Exercise goal -> A word-for-word reproduction of the data below is needed, with no pictures in it.

Data ->
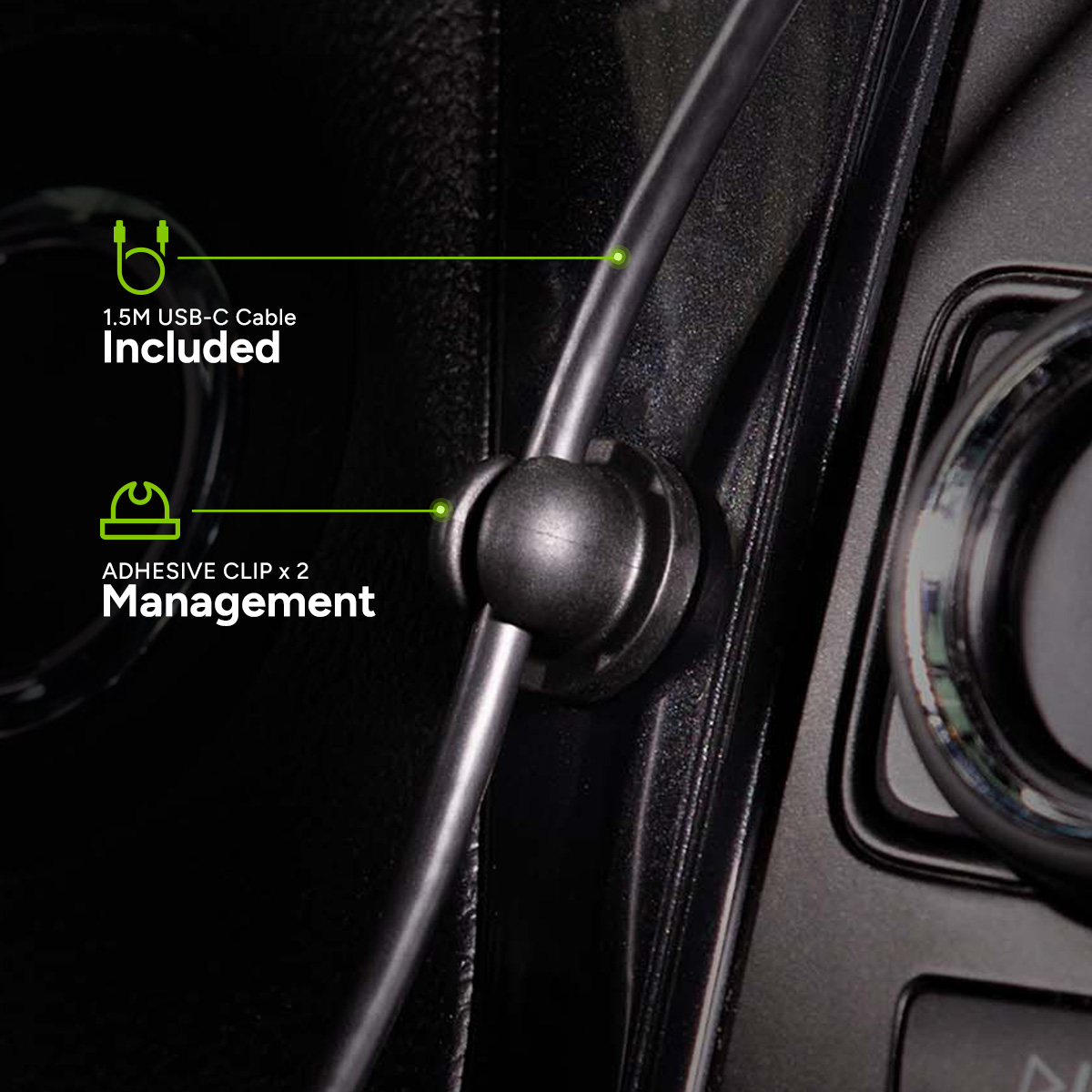Two adhesive cable management clips are included to help keep cables out of your way while you drive.
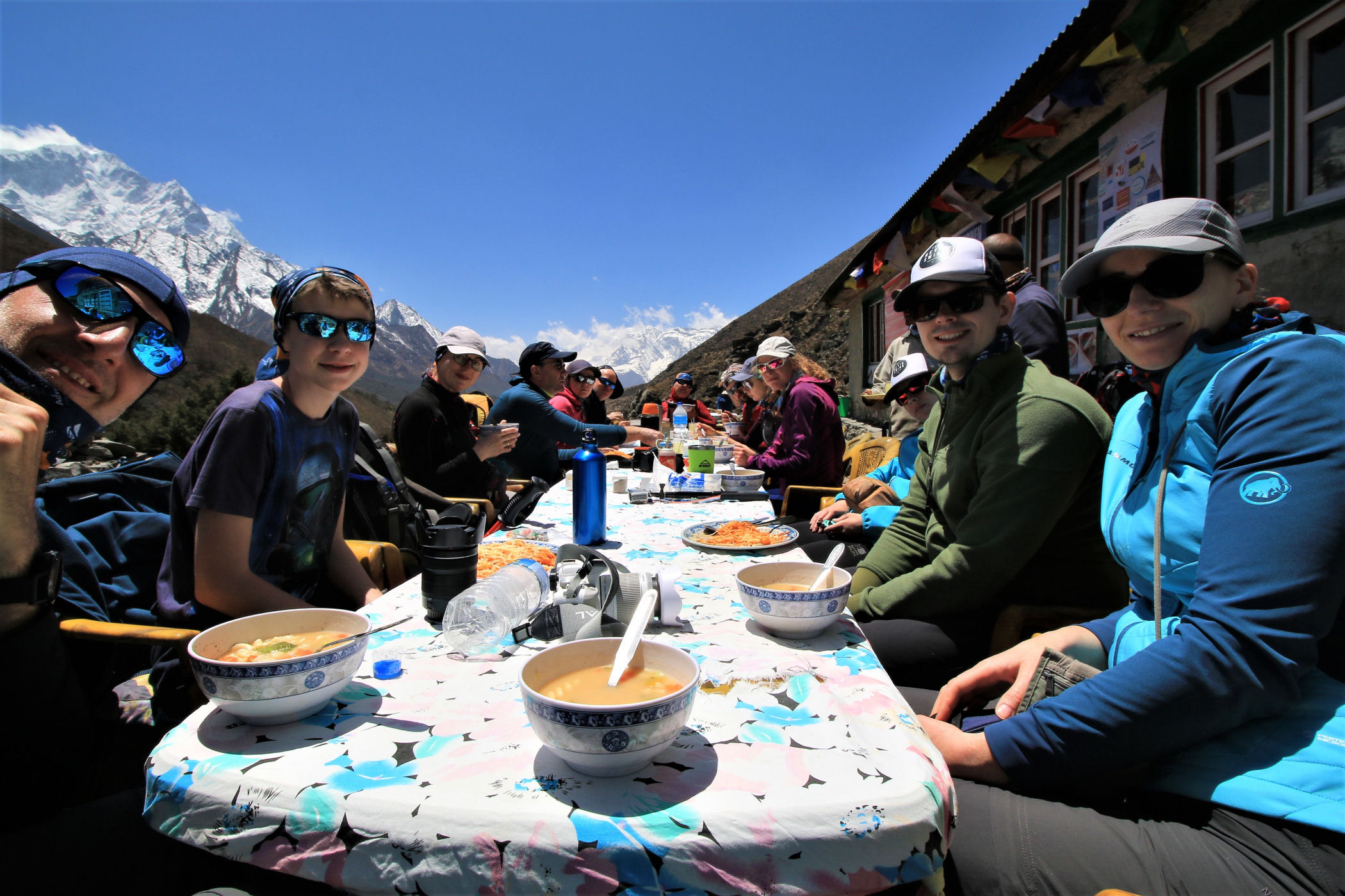 Krótka przerwa na nabranie sił i w drogę. Przed nami magiczna bariera 4000m i kolejne fantastyczne widoki. 1,5 godziny później „sherpa soup” w Everest Kitchen na wysokości 4040m . Lunch jedzony w blasku słońca z takimi widokami smakuje nieziemsko. Aż nie chce się stąd odchodzić, ale nie ma wyjścia, przed nami ostatni odcinek drogi.
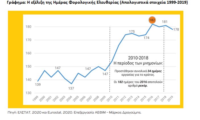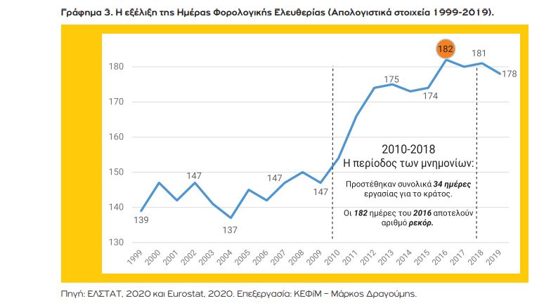 - Η χειρότερη επίδοση της Ελλάδας ως προς την Ημέρα Φορολογικής Ελευθερίας σημειώθηκε το 2016, όταν χρειάστηκαν 182 ημέρες εργασίας για να χρηματοδοτηθούν οι ανάγκες του κράτους.

Expected output ->
Two adhesive cable management clips are included to help keep cables out of your way while you drive.
 Krótka przerwa na nabranie sił i w drogę. Przed nami magiczna bariera 4000m i kolejne fantastyczne widoki. 1,5 godziny później „sherpa soup” w Everest Kitchen na wysokości 4040m . Lunch jedzony w blasku słońca z takimi widokami smakuje nieziemsko. Aż nie chce się stąd odchodzić, ale nie ma wyjścia, przed nami ostatni odcinek drogi.
 - Η χειρότερη επίδοση της Ελλάδας ως προς την Ημέρα Φορολογικής Ελευθερίας σημειώθηκε το 2016, όταν χρειάστηκαν 182 ημέρες εργασίας για να χρηματοδοτηθούν οι ανάγκες του κράτους.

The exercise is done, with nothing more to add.